Be that as it may, I was finally introduced, probably at the "Ad Lib Club," to a group of English businessmen who all wore 3 piece suits and ties and talked all that high class bullshit I was searching for. Chris Peers and Harry, I'm sorry I can't remember his last name, represented a new company called Brit Records, which turned out to be the forerunner of Island Records, Chris Blackwell's company. They had a hit with a girl named Millie Small called "My Boy Lollipop" and were out shopping for new artists. I was looking for a new company, so it was a match made in heaven, or so I thought.

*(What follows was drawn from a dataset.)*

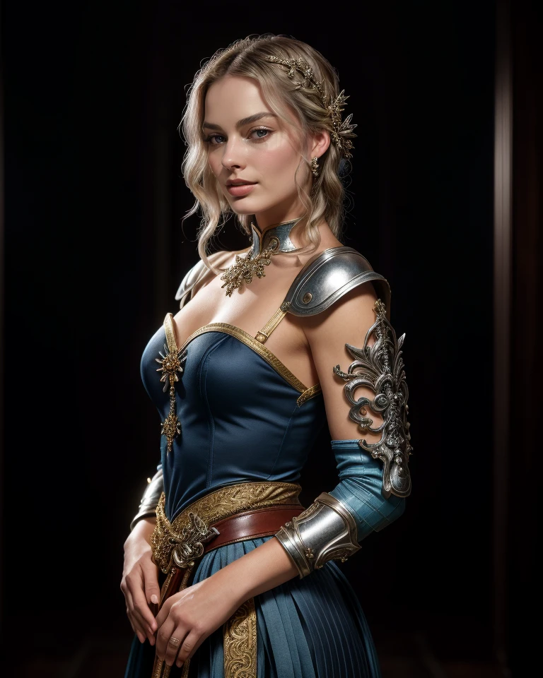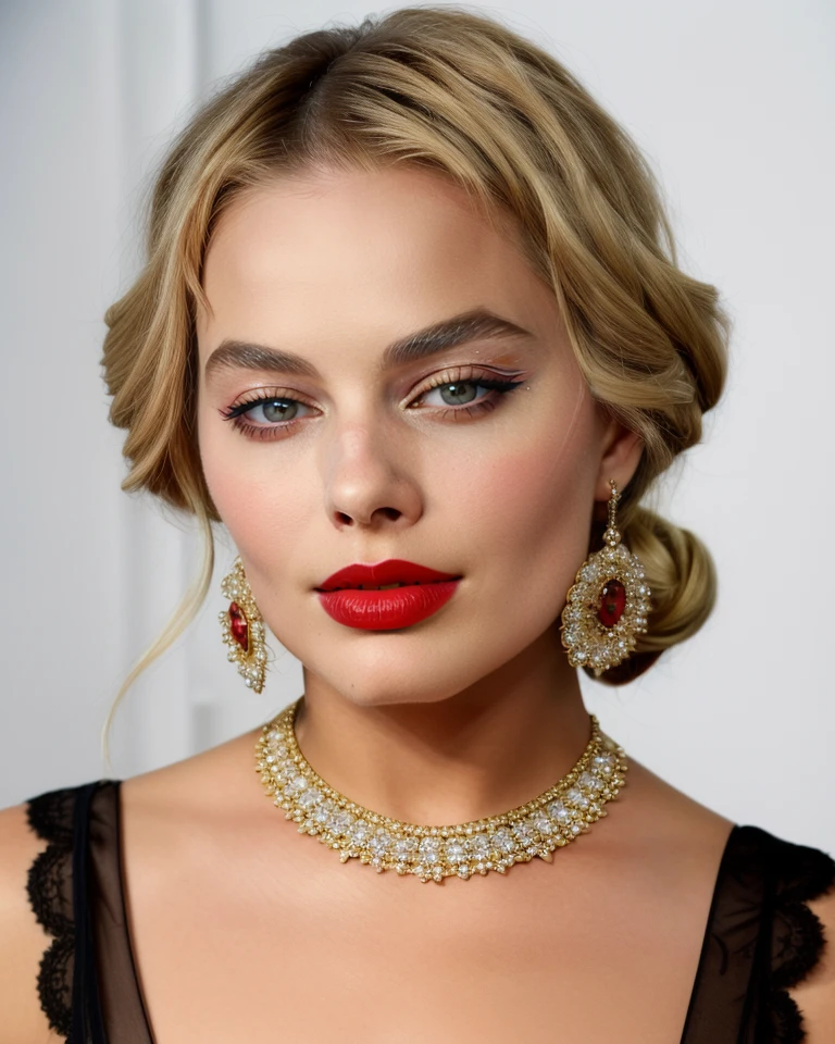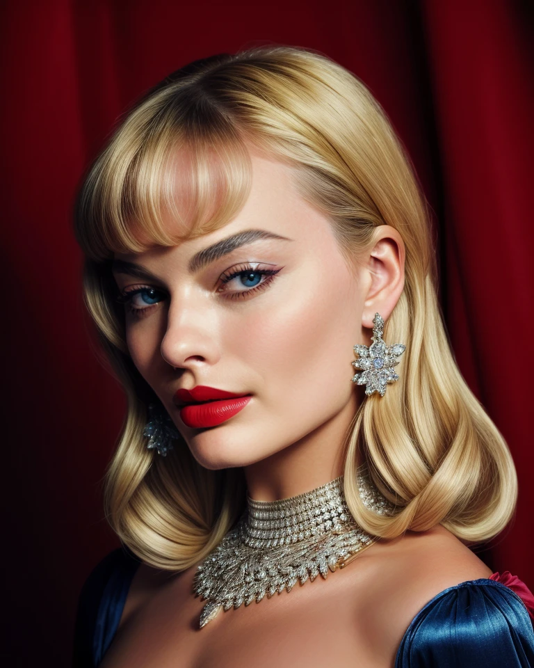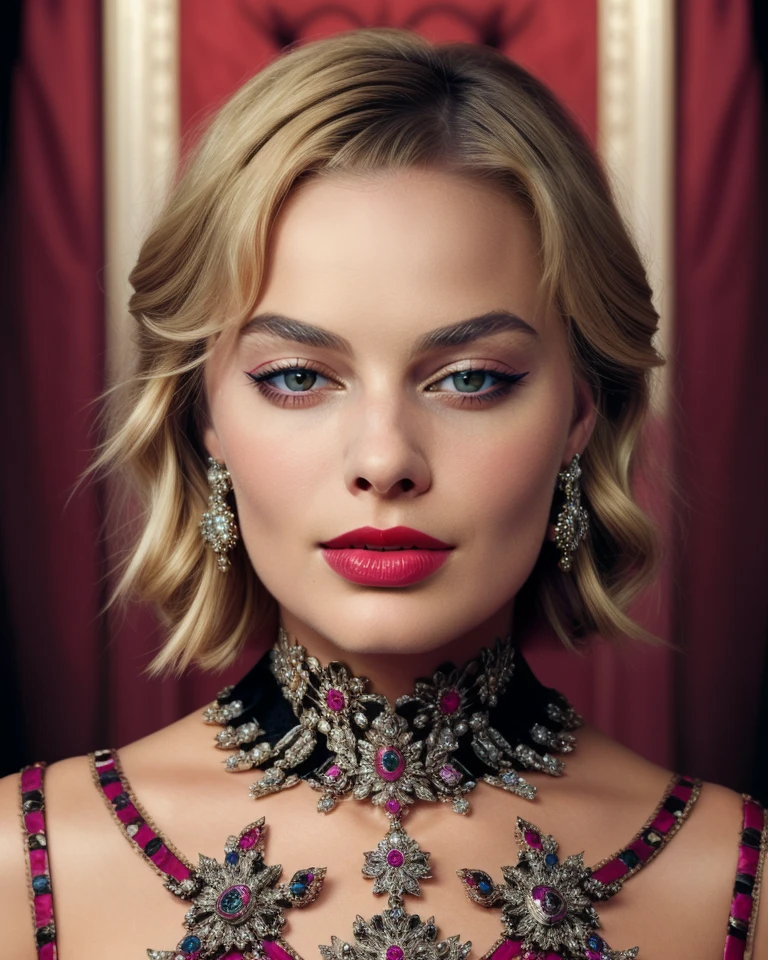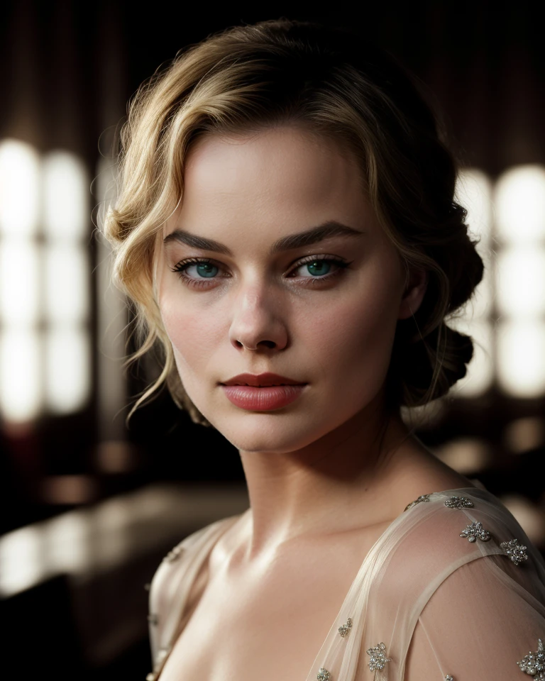 cinematic still , realism, photorealistic, best quality, masterpiece, intricate,realistic, photo , , <lora:margotrobbiequiron_v02i05e15t05nr77na77ada_Lora:1> margotrobbieQuiron woman, blond hair, a woman, In the echoing halls of an art deco hotel, with geometric patterns and golden accents, a cinematic photo captures a moment of timeless style. Full body shot focus, Photorealistic portrait in breathtaking detail, photo scanned at ultra-high resolution, inspired by Helmut Newton and Peter Lindbergh. Illuminated by a classic chandelier, against a backdrop of luxurious marble, a poised expression, subtle smoky eye makeup, hair styled in soft waves, wearing a sequined flapper dress with fringe details, a thin gold chain belt, and T-strap heels, embodying the roaring twenties elegance. 35mm photograph, film, bokeh, professional, 4k, highly detailed, very beautiful, elegant, intricate, surreal, , dark, mysterious, dramatic, ornate, detailed, . emotional, harmonious, vignette, highly detailed, high budget, bokeh, cinemascope, moody, epic, gorgeous, film grain, grainyπππ

They agreed to take me on and pay my rent, and make sure I didn't starve to death. They agreed to give me a small allowance each month so I wouldn't walk around penniless. Now when I say a small allowance that's what I really mean. Probably 60 or 70 dollars a week. I never had any money. I was about to cut my 4th record, for the third company, on two different continents, in less than a year, and I still hadn't made 10 cents. So 60 or 70 dollars a week was like a windfall to me.
I ended up moving from Belgravia where I was first located, kind of like the Beverly Hills of London, to Knightsbridge. Still nice, just not as nice. I was dating an English girl named Judy Foote who's father was in the House Of Commons, kind of like the House of Representatives here. Anyway, PJ Proby, who was an American from Texas, and a big pop star in England when I got there, introduced me to her and we kept on seeing each other over the next few months. She had a thing for "American Pop Stars" as she called them, and that was her interest in me an "American Pop Star."
As I settled into my new surroundings the story of the "glove" just kept getting bigger and bigger. It had became part of my new public persona as it were. I'd always thought it was just some stupid thing I'd done for attention, but people liked it and wouldn't let it go. While I was looking to get into a new cycle of creativity, and work on songs that I wanted to record, the English press was more interested in "the glove." But I was determined to make good on my second chance with the British audience.